- Interactive map of Leaside Curling Club
- Location: 1075 Millwood Road Toronto, Ontario M4G 1X6
- Arena: Leaside Curling Club

Information
- Established: 1963
- Club type: Dedicated ice
- Curling Canada region: CurlON Zone
- Sheets of ice: 8
- Rock colours: Green and Yellow
- Website: leasidecurling.ca

= Leaside Curling Club =

Curling club in Toronto, Ontario

Leaside Curling Club is a curling club located in the Leaside neighbourhood of Toronto, Ontario, Canada. The organization was founded in 1963 in response to community requests for a neighbourhood curling club. The City of Toronto built the club's facility in the Leaside Memorial Community Gardens recreational complex, which has eight sheets of curling ice, a lounge, pro shop, bar, and change rooms. The curling club and its member-elected Board of Directors managed all aspects of the operation of the club in partnership with the City's Parks and Recreation Department which provided management and maintenance support.

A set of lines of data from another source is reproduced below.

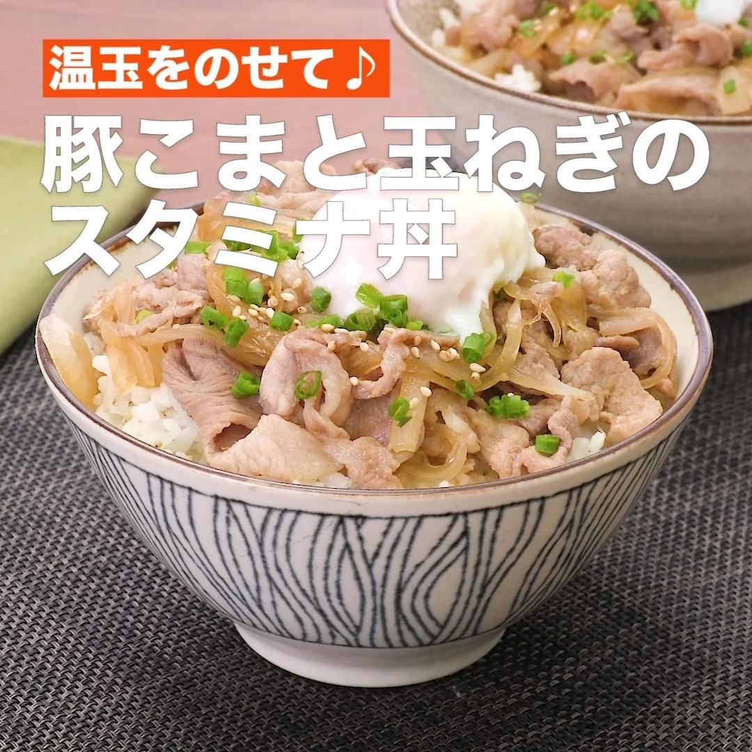 ⑧<温玉をのせて♪豚こまと玉ねぎのスタミナ丼>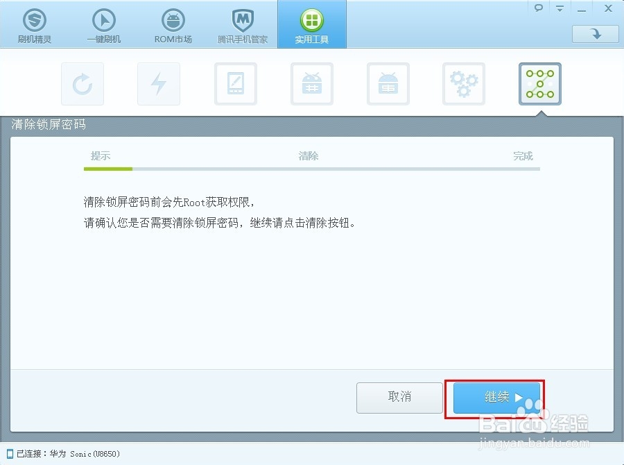 6、在打开的“清除锁屏密码”窗口中,点击“继续”以消除锁屏密码。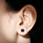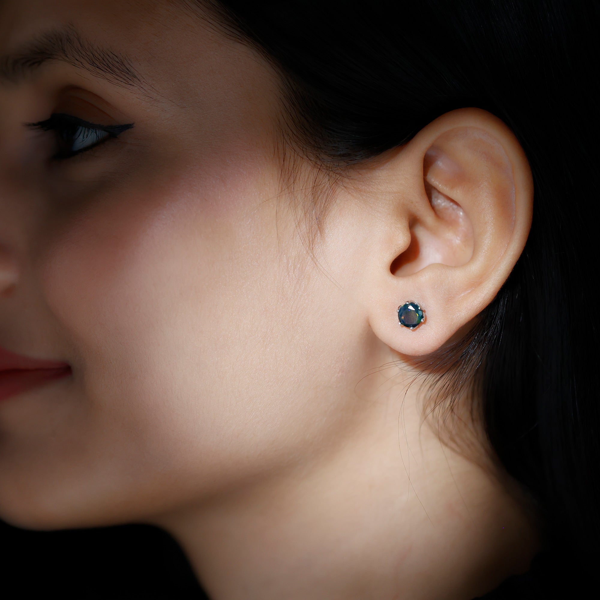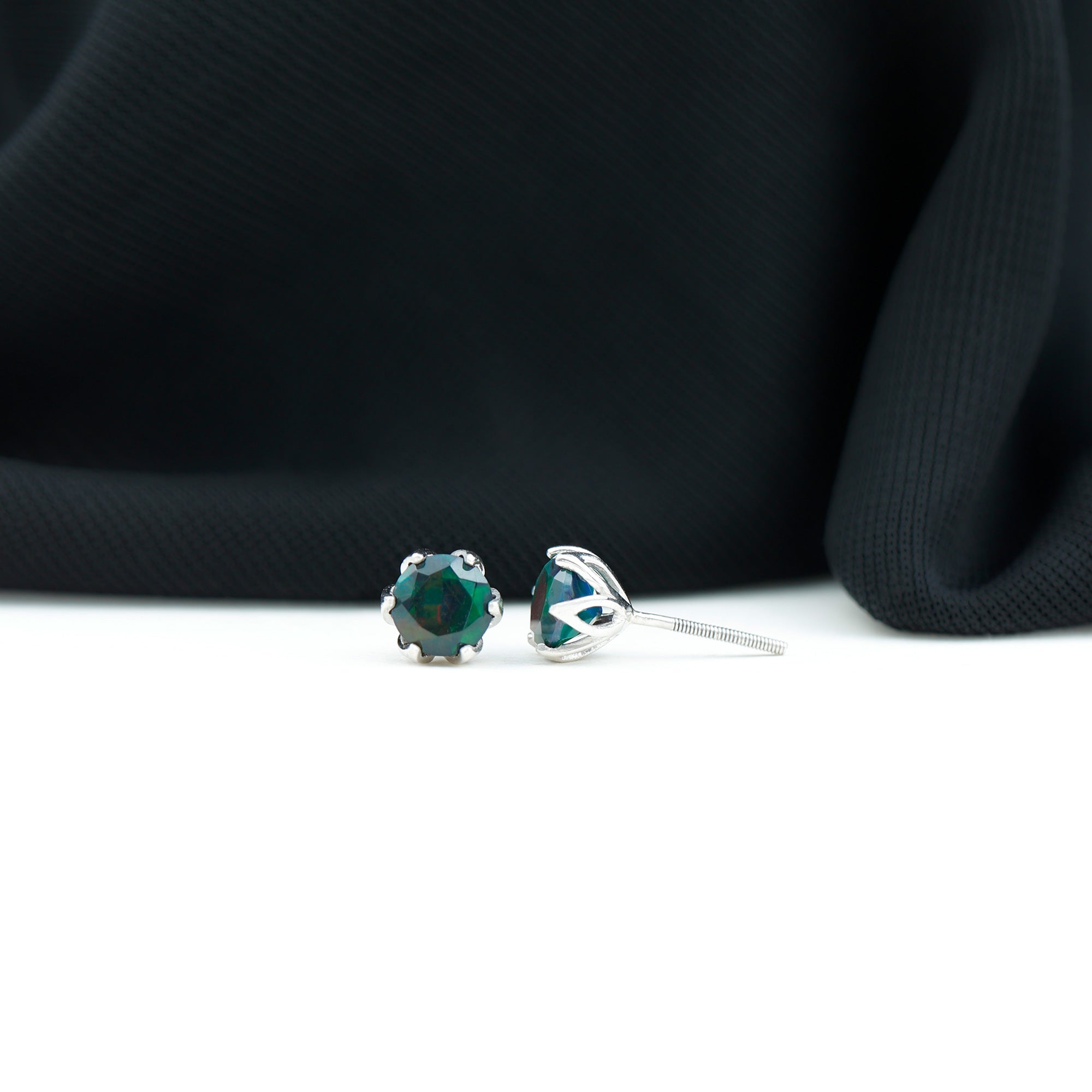 1.50 CT Round Shape Black Opal Solitaire Stud Earrings

In 2014, the club's membership voted to approve a proposal through which the membership would lease the facility and be responsible for the overall operations and management of the club.

Today, Leaside is Ontario's largest curling club, with more than 1,100 members and leagues for curlers of all ages and abilities. Leaside is also the home club of John Epping, a top-ranked curler on the World Curling Tour. As club pro, Epping can be booked for individual or team instruction.

Club and ice rental are also available to groups for team building or recreational experiences. No experience required; instructors are provided on request.